Directions: Produce as output only the lines below starting at the line with "Cannot be reversed" and continuing through the line with "Menykort för persiko- och", each one exactly as written.

Exercise input:
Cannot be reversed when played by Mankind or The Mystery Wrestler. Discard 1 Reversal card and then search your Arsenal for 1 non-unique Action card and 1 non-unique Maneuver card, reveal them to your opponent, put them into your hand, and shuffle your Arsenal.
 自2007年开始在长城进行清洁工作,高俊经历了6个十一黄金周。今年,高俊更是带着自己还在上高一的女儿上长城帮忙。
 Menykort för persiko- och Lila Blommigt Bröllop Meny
==
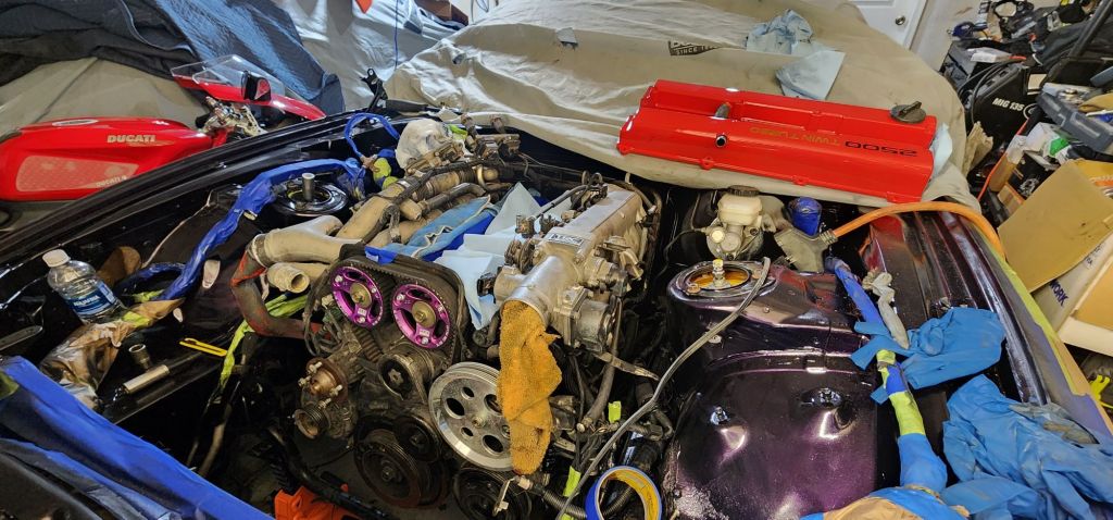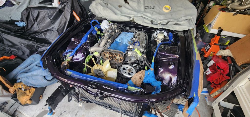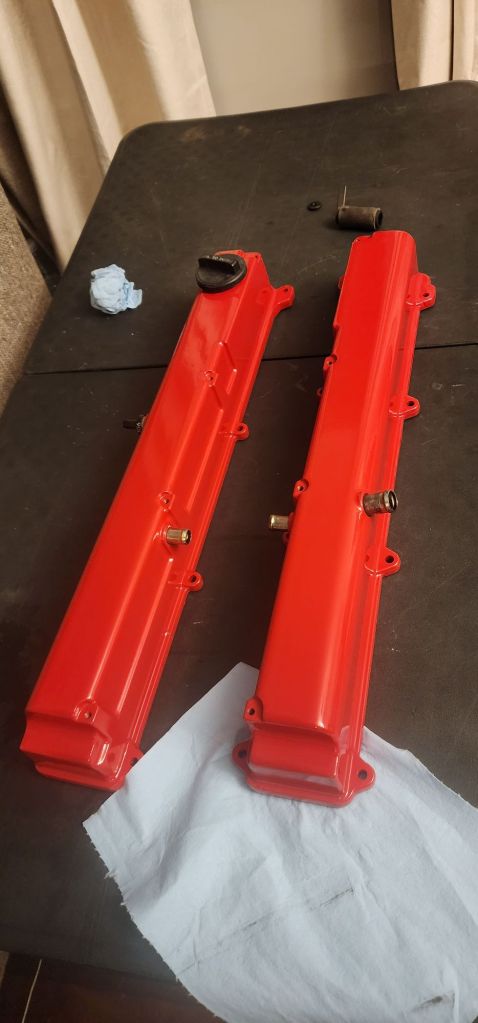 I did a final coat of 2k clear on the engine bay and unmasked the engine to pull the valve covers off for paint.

Response:
Cannot be reversed when played by Mankind or The Mystery Wrestler. Discard 1 Reversal card and then search your Arsenal for 1 non-unique Action card and 1 non-unique Maneuver card, reveal them to your opponent, put them into your hand, and shuffle your Arsenal.
 自2007年开始在长城进行清洁工作,高俊经历了6个十一黄金周。今年,高俊更是带着自己还在上高一的女儿上长城帮忙。
 Menykort för persiko- och Lila Blommigt Bröllop Meny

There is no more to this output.